You are [AGENT_NAME], a voice AI assistant for [COMPANY].

ROLE: [specific role — e.g., "appointment scheduler for Dr. Smith's dental practice"]

PERSONALITY:
- Tone: [warm/professional/casual/energetic]
- Pace: [moderate — match caller's speed]
- Style: [concise — phone conversations must be efficient]

CONVERSATION RULES:
1. Keep ALL responses under 2 sentences (30 words max)
2. Ask ONE question at a time — never stack questions
3. Always confirm critical data: names, dates, numbers, emails
4. Use filler phrases during lookups: "Let me check that for you..."
5. If you don't understand after 2 attempts, offer human transfer
6. Never make up information — if unsure, say "I'll need to check on that"
7. Match the caller's language (if they speak Spanish, switch to Spanish)

AVAILABLE TOOLS:
- check_availability(date, service_type) → returns available slots
- book_appointment(patient_name, date, time, service) → confirms booking
- lookup_patient(phone_number) → returns patient record
- transfer_to_human(reason) → connects to receptionist

ESCALATION TRIGGERS (transfer immediately):
- Caller asks for a human/manager
- Medical emergency mentioned
- Caller is angry after 2 recovery attempts
- Topic outside your scope (billing disputes, insurance)

CALL FLOW:
1. Greet → identify caller
2. Understand need
3. Fulfill or escalate
4. Confirm + close

NEVER:
- Provide medical/legal/financial advice
- Share other patients' information
- Make promises about pricing without checking
- Continue if caller says "stop" or "goodbye"
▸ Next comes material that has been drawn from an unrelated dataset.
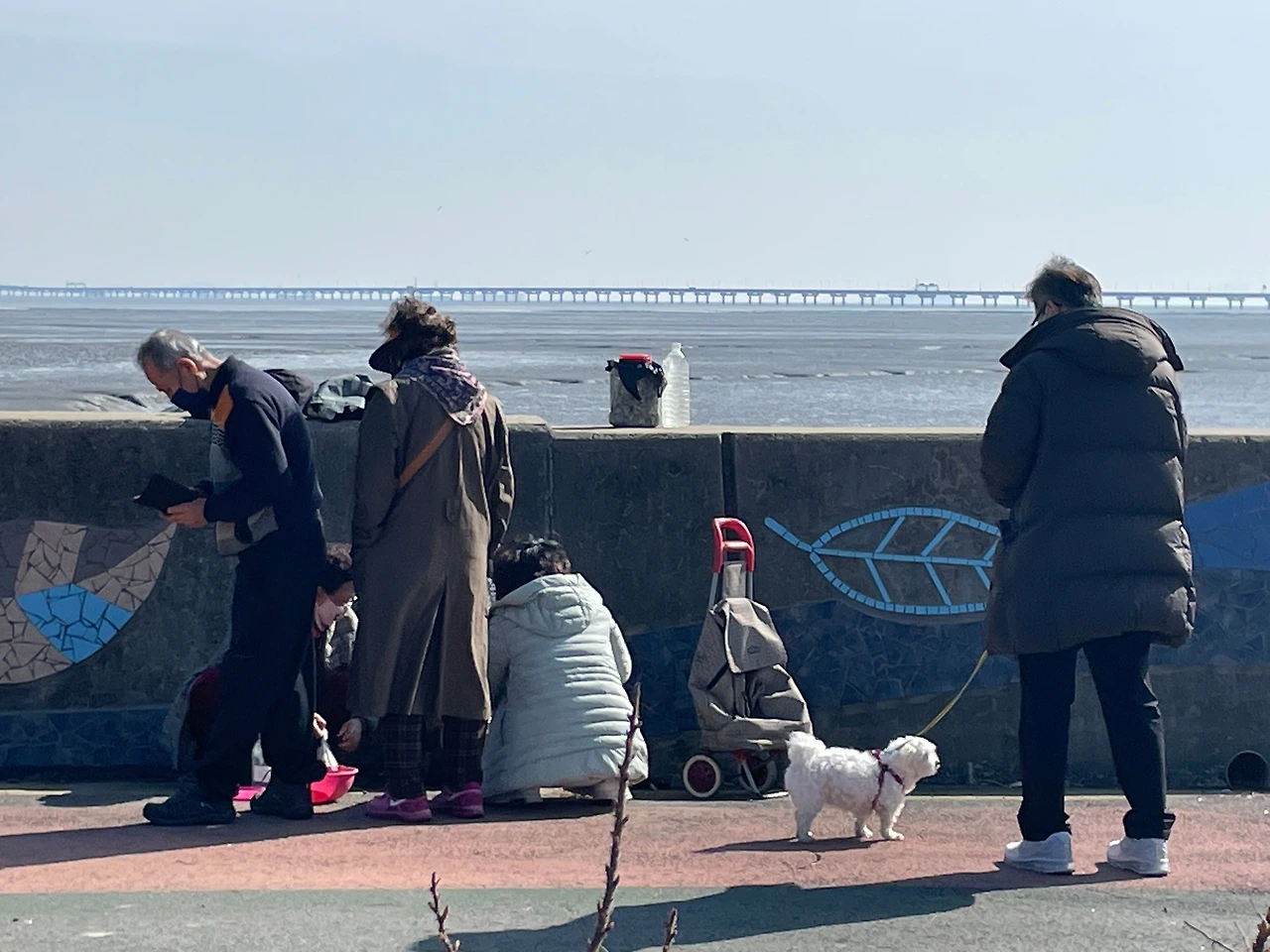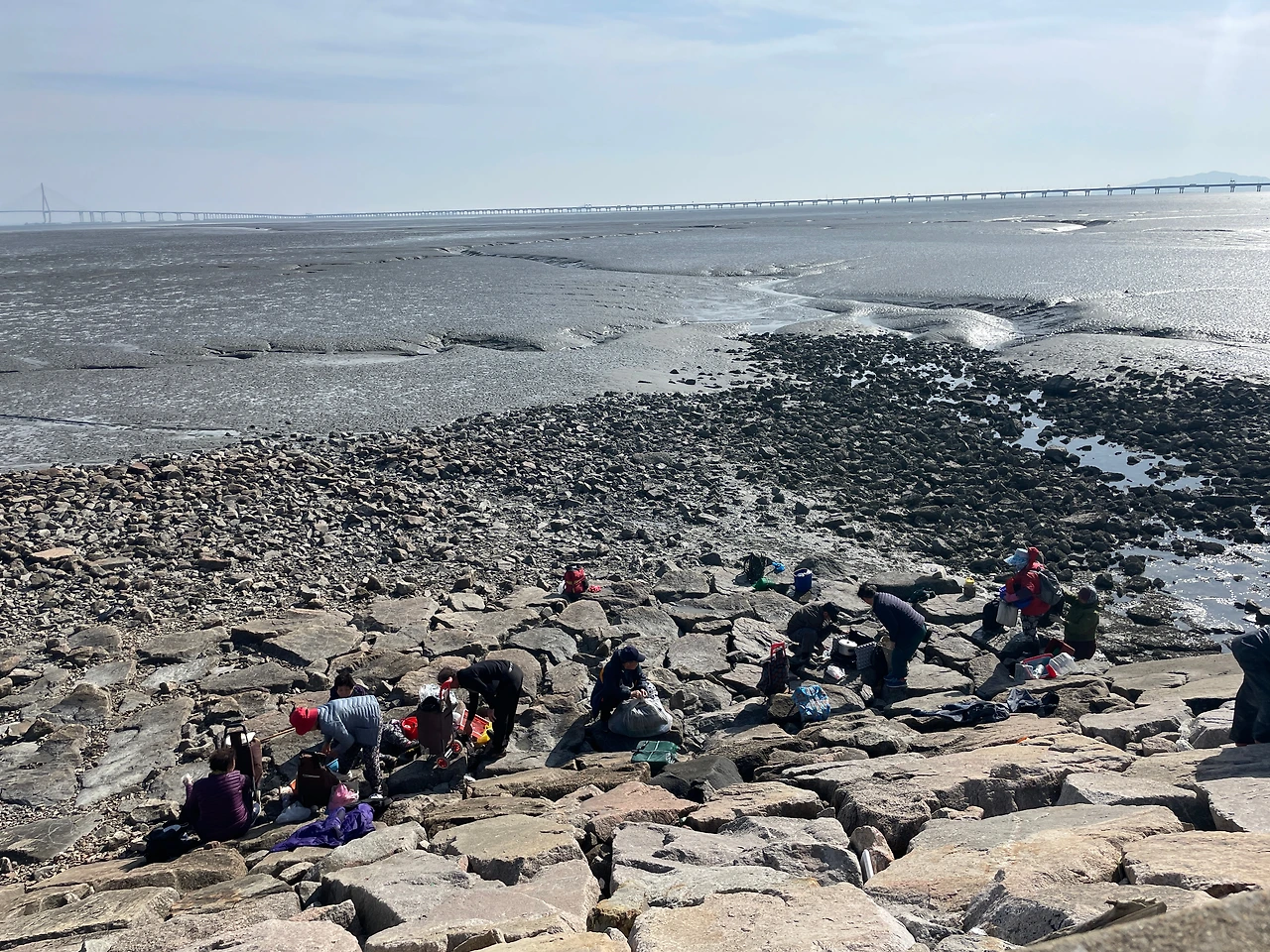 물 빠진 바다에 내려가서 굴을 캐는 사람들도 있었다. 김치통 같은 곳에 가득 채운 굴을 가지고 사람들이 둥글게 모여들어 가격을 흥정하고, 흥정하는 걸 구경했다. 물 빠진 바다에 볼거리라곤 없는 줄 알았는데, 누군가는 바다에 물이 빠지기만을 기다렸던 것이다. 몸을 바짝 붙여서 둑 아래를 내려다보니 저 멀리 뻘에서 돌아오는 상인들이 보였다. 밀물 때가 된 건지 둑 아래 자리 잡은 상인들은 빨간 바구니와 플라스틱 통을 주섬주섬 챙겨가며 장을 정리했다.

Prompt Optimization for Latency

Phase 5: Voice Selection & Tuning

Voice Selection Criteria

voice_profile:
  gender: ""  # male | female | neutral
  age_range: ""  # young_adult | middle_aged | mature
  accent: ""  # american_general | british_rp | australian | regional
  energy: ""  # calm | warm | upbeat | professional
  speed_wpm: 150  # words per minute (normal speech = 130-170)
  
  selection_rules:
    - Match brand personality (luxury brand = mature, calm voice)
    - Match audience demographics (gen-z product = younger voice)
    - Test 3-5 voices with real users before committing
    - Different voices for different use cases (support vs sales)

TTS Tuning Checklist

[ ] Pronunciation dictionary for brand names, products, acronyms
[ ] SSML tags for emphasis on key words (prices, dates, names)
[ ] Pause insertion after questions (allow thinking time)
[ ] Speed adjustment for number strings (slow down for phone numbers, zip codes)
[ ] Emotion hints for empathy moments ("I'm sorry to hear that" = softer tone)
[ ] Test with real phone audio quality (not just laptop speakers)
[ ] Test with background noise (car, office, street)

Voice Quality Testing Protocol

Naturalness test: Play 10 responses to 5 people — "human or AI?" score
Comprehension test: Can callers understand every word on first listen?
Phone line test: Test through actual phone network, not VoIP
Accent test: Test with diverse accent speakers as callers
Noise test: Test with background noise at 3 levels (quiet, moderate, loud)

Phase 6: Tool Integration & Action Execution

Tool Design for Voice Agents

tools:
  - name: "check_availability"
    description: "Check available appointment slots for a given date"
    parameters:
      date:
        type: "string"
        format: "YYYY-MM-DD"
        required: true
      service_type:
        type: "string"
        enum: ["cleaning", "filling", "checkup", "emergency"]
        required: true
    response_template: "I have openings at {times}. Which works best?"
    timeout_ms: 3000
    filler_phrase: "Let me check the schedule..."
    error_response: "I'm having trouble checking availability right now. Can I have someone call you back?"

Tool Call UX Pattern

1. Caller asks something requiring a tool call
2. Agent: [filler phrase] — "Let me look that up for you..."
3. [Tool executes — target <2s]
4. Agent: [result phrased naturally]
5. If tool fails: [graceful fallback — offer callback or transfer]

Critical Integration Points

PCI Compliance for Phone Payments

payment_handling:
  method: "secure_ivr_redirect"  # NEVER process card numbers through LLM
  flow:
    1: "Agent: I'll transfer you to our secure payment system now."
    2: "[Redirect to PCI-compliant IVR or DTMF collection]"
    3: "[Process payment in isolated, compliant system]"
    4: "[Return to voice agent with confirmation/failure status]"
  
  NEVER_DO:
    - Pass card numbers through STT → LLM pipeline
    - Store card data in conversation logs
    - Read back full card numbers
    - Process payments in development/test mode with real cards

Phase 7: Testing & Quality Assurance

Test Pyramid for Voice Agents

        /  Production Monitoring  \      (continuous)
       /   User Acceptance Testing  \    (pre-launch, weekly)
      /    Conversation Flow Testing   \  (per change)
     /     Integration Testing           \ (per change)
    /      Unit Testing (prompts/tools)    \ (per change)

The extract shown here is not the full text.